Nostalgia For the Light by Patricio Guzman 90 minutes 2010
How much better the world appears when one can look over the shoulder of a fine cinematographer. Beauty lies waiting to be uncovered in every corner, it’s just a question of time, the time it takes to set up a shot, to establish a position, a frame from which to begin noticing where the light is falling. Four minutes float past without a word spoken, right off the top of the movie, and when at last language enters the room, the speaker is nowhere to be seen, instead, a series of glowing nostalgia shots offer us views of home as it might have been, pressed under glass like specimens.

“The astronomers created an enormous telescope to bring two seemingly incompatible things closer: the origins of everything and the past of everything we are today.”

Celestial seasons mingle with petroglyph journeys carved out into desert rocks. Why Chile I wonder? Is it true, as the old world voice-over poetically intones, that these skies were kissed by the Gods? The dry climate appears ideal for finding traces of the earth’s past, while the skies are clear enough to grant views of light so distant that these stars have already died before they reach the eye of the telescope.

Beneath the cinematographer’s glassy stare, the spoons dance, the train flows through the Atacama desert, the Indigeneous worker graves lie windswept and abandoned on the high desert plain, and the concentration camp victims of Pinochet are gilded in star dust. Women sift through the desert sand, looking for remains of those they have lost. Like all beauty, this one is heartbreaking, sometimes unbearable, even at the stately distances this camera is most comfortable with.

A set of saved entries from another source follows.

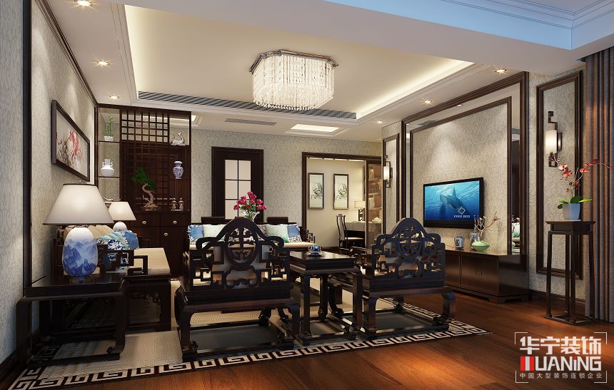 本案風(fēng)格定位為新中式,把傳統(tǒng)的中式元素加以簡化和提煉,以現(xiàn)代人的審美打造古典韻味的事物,讓改良后的中式風(fēng)格體現(xiàn)出優(yōu)雅舒適的生活態(tài)度。設(shè)計(jì)師巧妙地運(yùn)用設(shè)計(jì)語言對中式風(fēng)情做了完美的現(xiàn)代演繹,很好地喚醒人們深藏的記憶和文化認(rèn)同感。在設(shè)計(jì)上,總體呈現(xiàn)出一種氣勢恢宏、優(yōu)雅華麗、細(xì)膩大方的大家風(fēng)范,表達(dá)對清雅含蓄、端莊豐華的東方式精神境界的追求??筒蛷d里,木質(zhì)讓人感覺自然親切,設(shè)計(jì)師大膽地運(yùn)用藍(lán)色系等現(xiàn)代色彩表現(xiàn),并利用鳥雀花卉等圖案來表達(dá)書香的概念,幾處點(diǎn)睛之筆便營造出一個(gè)濃郁的中式韻味空間。置身其中,仿佛能夠忘掉一切世俗紛擾,心靈被中式藝術(shù)氛圍所凈化。
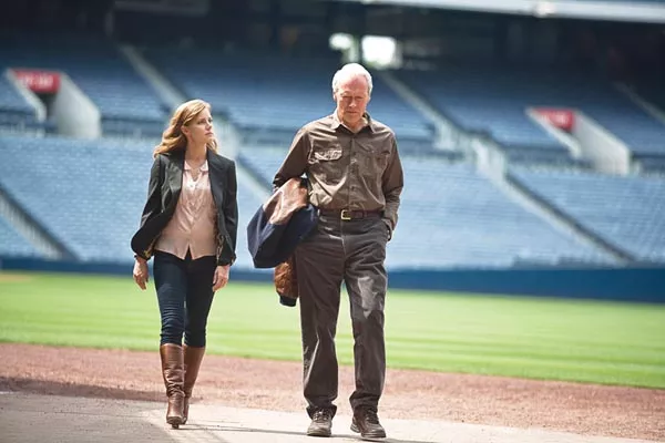 A listless Amy Adams plays Gus’ semi-estranged lawyer-daughter, who goes with him to scout a pudgy young power hitter, and Justin Timberlake is a charming rival scout who romances her. The story — which would fail a college fiction-writing class — has the kind of contrived resolutions you’d expect to follow such contrived conflicts. A banal entertainment, it has nothing to say, and neither does its star, who should just stop talking.
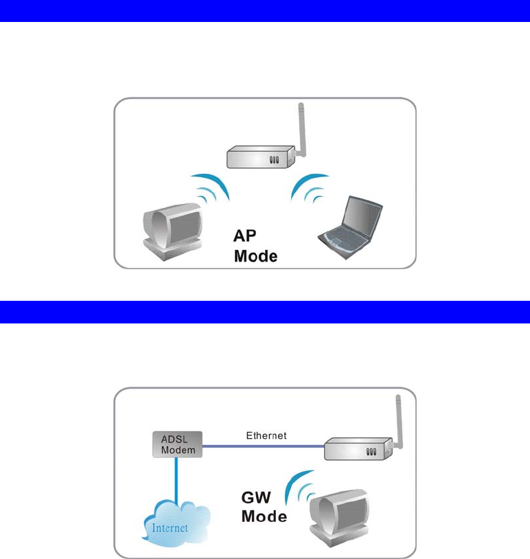 When GW mode is selected, the AP will enter the gateway mode. And the wireless connection
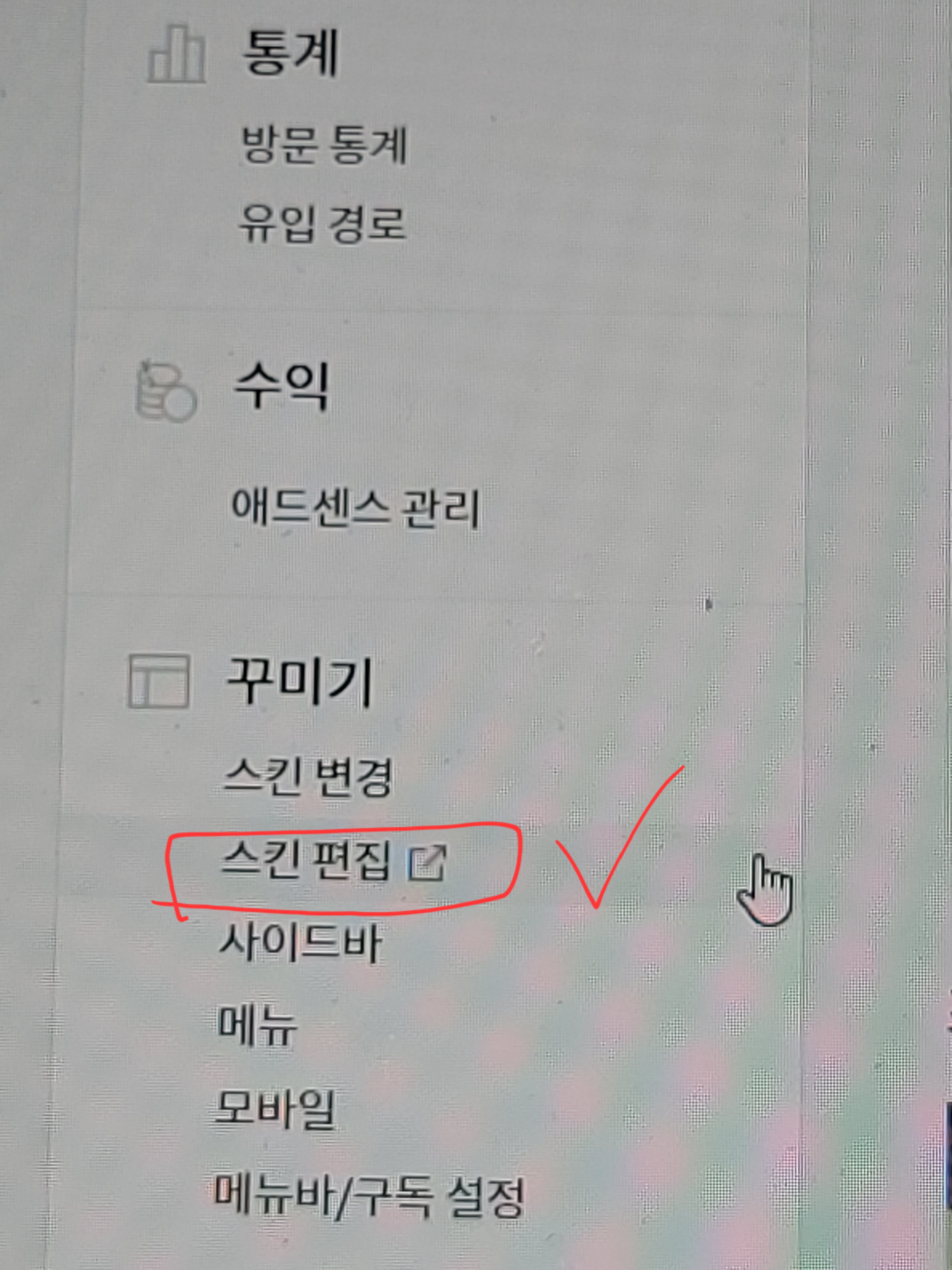왼쪽 메뉴바를 보면 됩니다. 꾸미기 아랫 편에 위치한 스킨편집을 눌러주세요.
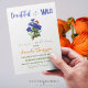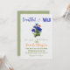 Flores Florais Florais Simples, Azul Elegante, Laranja e Verde, com Borboleta e texto "Lindo e Selvagem" que você pode personalizar para seu próprio Chá de panela Moderno para seleção de primavera, verão ou outono.
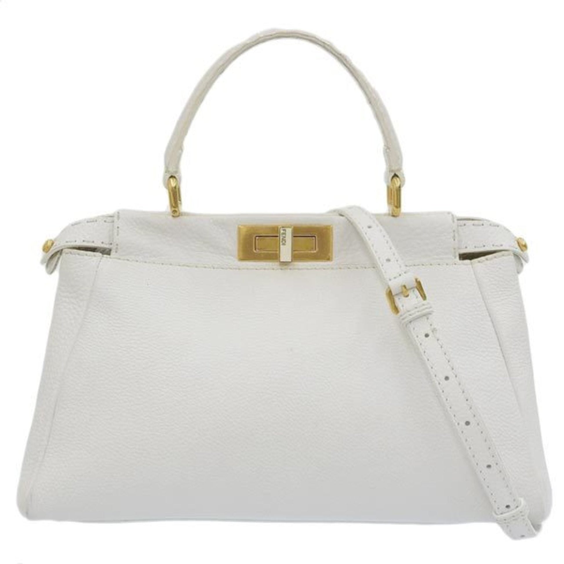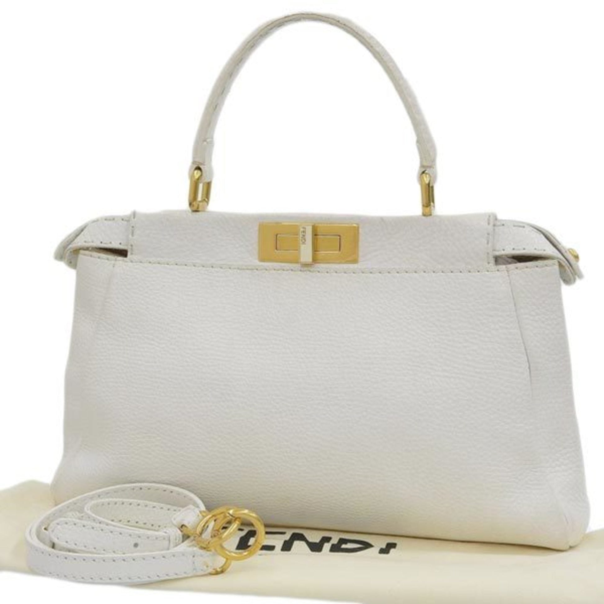 FENDI Selleria Leather Peekaboo Handbag 8BN211 White Ladies
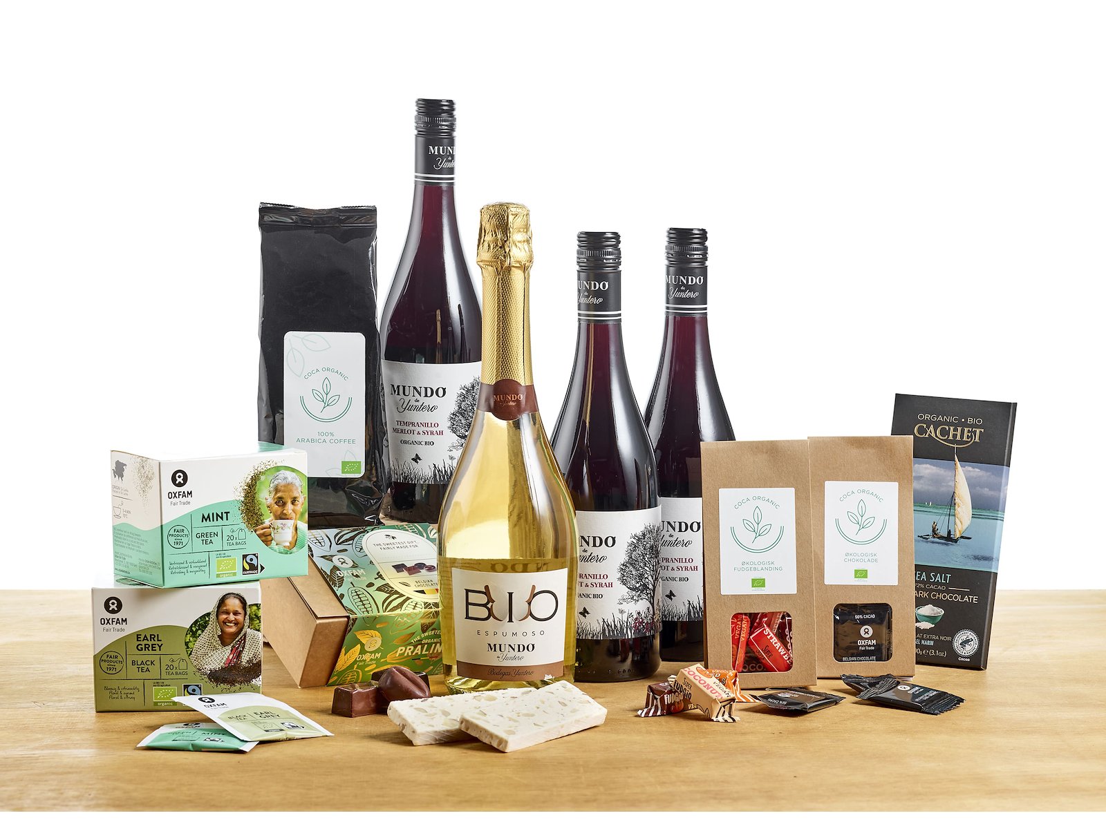 3 fl. Mundo de Yuntero, Organic Tempranillo, Merlot & Syrah, Spanien; 1 fl. Mundo de Yuntero, Bio Sparkling, Spanien; Oxfam Fairtrade - Økologisk Luksuschokolade 178 g.; Organic & Vegan Fudge 80 g.; Oxfam Fairtrade - Økologisk Kuvertchokolade mørk 60 g.; Oxfam Fairtrade - 2 stk. Økologisk Te, 2x20 Tebreve; Oxfam Fairtrade - 2 stk. Økologisk Nougatbar 2x30 g.; Økologisk Arabica Kaffe 175 g.; Cachet Organic - Chokoladeplade 90 g.; Pakket i kartonæske m/træuld

“What did you find of your brother?”

“A foot. It was still in his shoe. Some of his teeth. I found part of his forehead, his nose, nearly all of the left side of his skull. The bit behind the ear with a bullet mark. The bullet came out here.”

This is the terrible poetry of memory. Filled always with necessary returns, these survivors speak out against the repressions of Chile’s feared dictator and the police that are always ready, in country after country, to say yes to power. Thousand were punished, kidnapped and tortured and buried in mass graves here in the desert. Many of these graves were dug up by the regime and bulldozed into the ocean, but these excavations occasionally left spillage, evidence and grief memorials for the ones who escaped the death squads. These sunburnt survivors insist on speaking their unbearable truths, looking at what can’t be looked at. They have dedicated their lives to searching, and bringing their evidence forward so that the magicians of cinema will offer one last conjuring trick, and let these memories live.